From the first line to the last, copy the material exactly and leave the pictures out.

◆ ◆ ◆ ◆ ◆

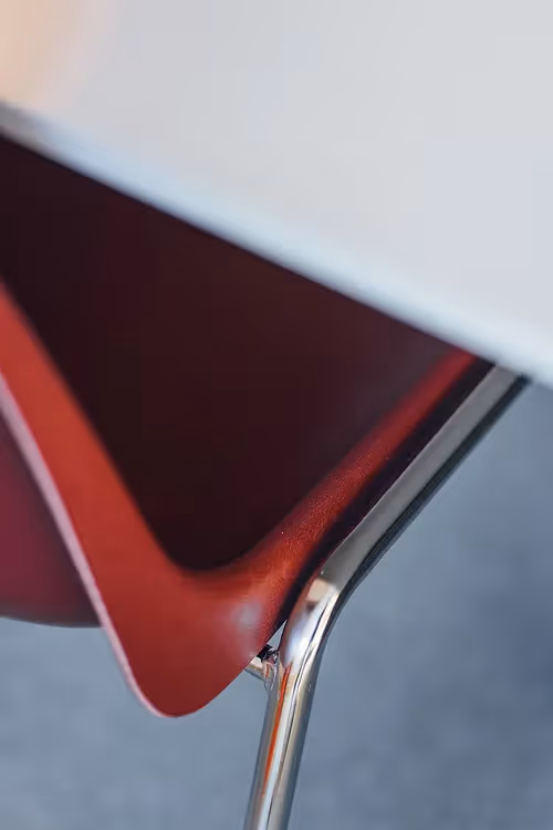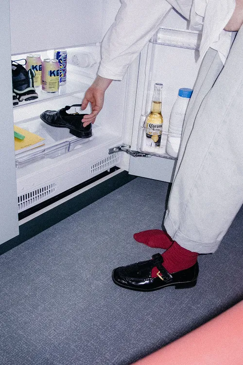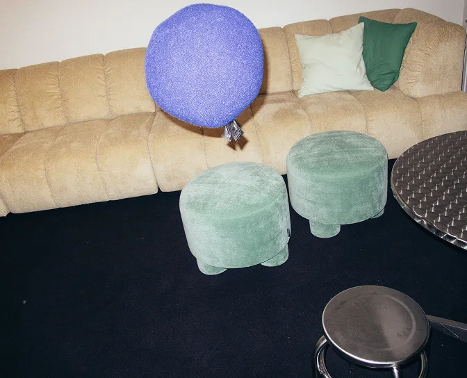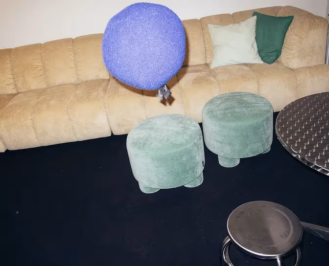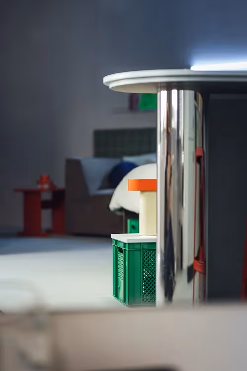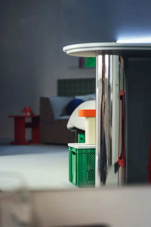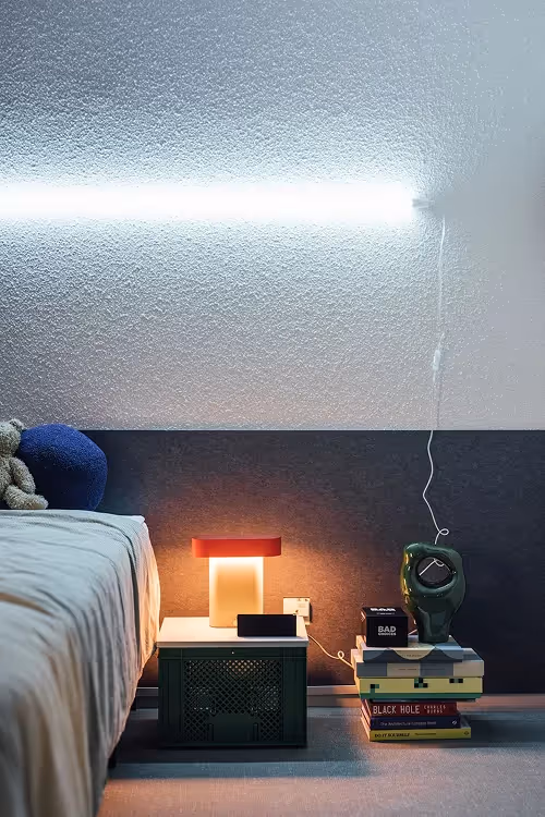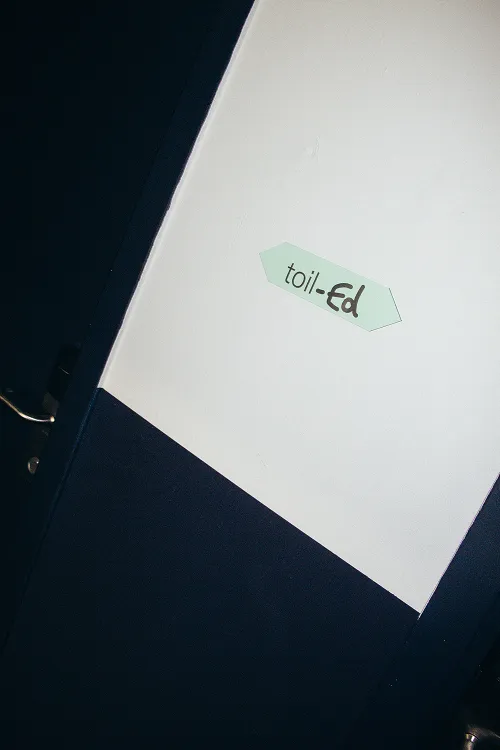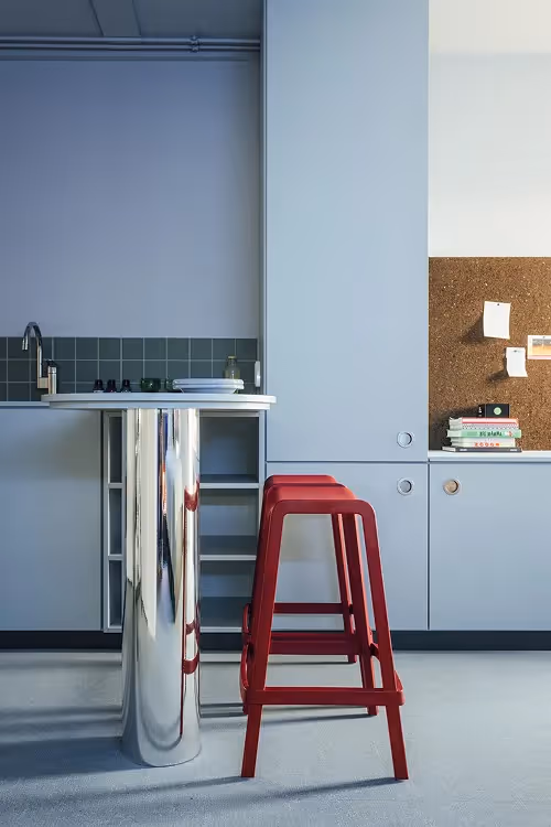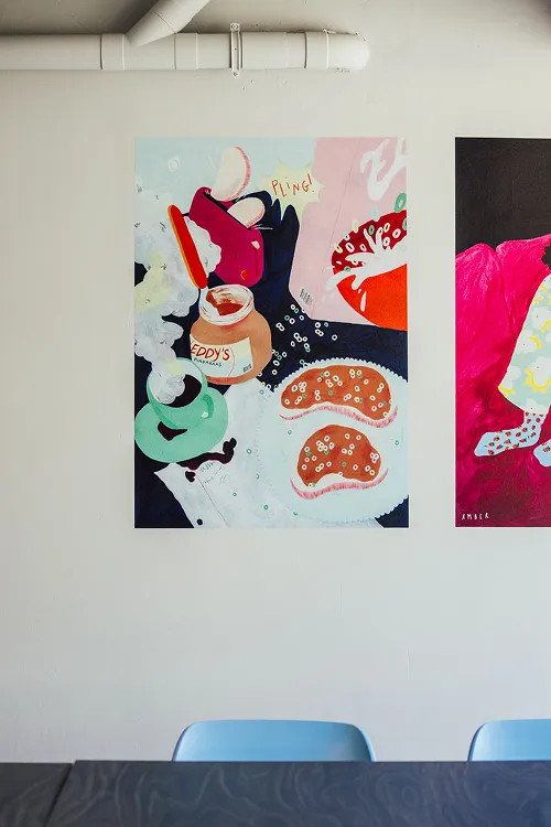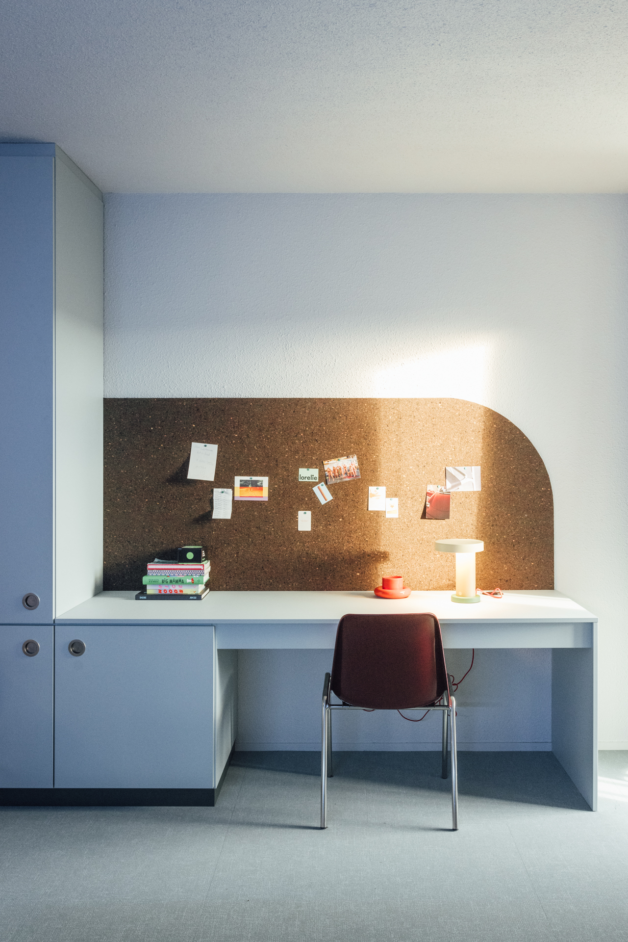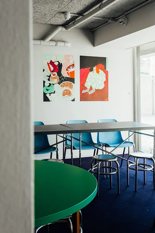The process was intense—decisions had to be made fast, and the timeline was unforgiving. A standard, one-size-fits-all design was never an option. We deliberately pushed for a raw, grungy underground aesthetic that not only resonates with the Gen Z mindset, but also made smart use of the building’s existing features, like exposed concrete walls and ceilings.By leaning into what the space already offered, we were able to allocate more budget to areas where it would really make a difference: public zones, custom light blue cabinetry paired with a grey-green carpet floor, bold lighting choices, classic bordeaux canteen chairs with chrome legs, and of course—the fluorescent green Ed poster, a playful nod to underground party flyers.
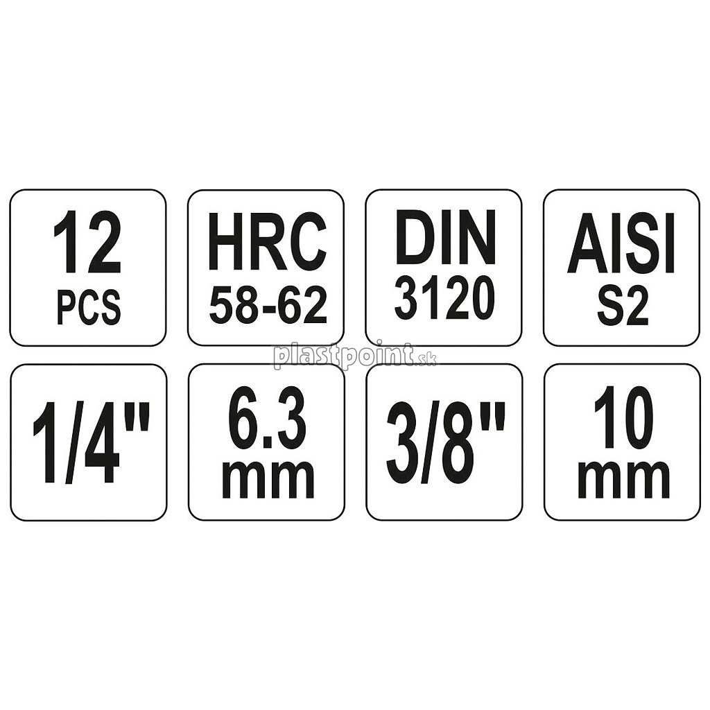 1/4' a 3/8' račne. V sade je kovový držiak bitov a samotné bity T8-T55. Spĺňa normu DIN 3120 pre vysoko-zaťažovateľné nástavce.
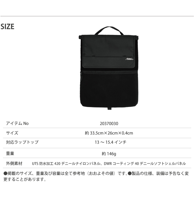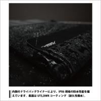 ・外側素材:UTS防水加工420デニールナイロンパネル、DWRコーティング40デニールソフトシェルパネル
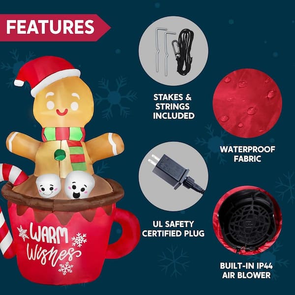 6 ft. Tall Christmas Inflatable Gingerbread Man in Hot Cocoa Mug with Build-in LEDs, Blow Up Yard Decoration
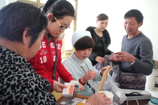 当天上午10时许,医护人员来到玉城街道双庙村,探望尿毒症患者老金。见到“老朋友”,老金喜悦之情,溢于言表。老金今年71岁。2009年8月老金被查出肾病,2012年发展成尿毒症,长期靠腹膜透析维持生命,曾多次在我院治疗。

◆ ◆ ◆ ◆ ◆

■ Solution to this problem ■
The process was intense—decisions had to be made fast, and the timeline was unforgiving. A standard, one-size-fits-all design was never an option. We deliberately pushed for a raw, grungy underground aesthetic that not only resonates with the Gen Z mindset, but also made smart use of the building’s existing features, like exposed concrete walls and ceilings.By leaning into what the space already offered, we were able to allocate more budget to areas where it would really make a difference: public zones, custom light blue cabinetry paired with a grey-green carpet floor, bold lighting choices, classic bordeaux canteen chairs with chrome legs, and of course—the fluorescent green Ed poster, a playful nod to underground party flyers.
 1/4' a 3/8' račne. V sade je kovový držiak bitov a samotné bity T8-T55. Spĺňa normu DIN 3120 pre vysoko-zaťažovateľné nástavce.
 ・外側素材:UTS防水加工420デニールナイロンパネル、DWRコーティング40デニールソフトシェルパネル
 6 ft. Tall Christmas Inflatable Gingerbread Man in Hot Cocoa Mug with Build-in LEDs, Blow Up Yard Decoration
 当天上午10时许,医护人员来到玉城街道双庙村,探望尿毒症患者老金。见到“老朋友”,老金喜悦之情,溢于言表。老金今年71岁。2009年8月老金被查出肾病,2012年发展成尿毒症,长期靠腹膜透析维持生命,曾多次在我院治疗。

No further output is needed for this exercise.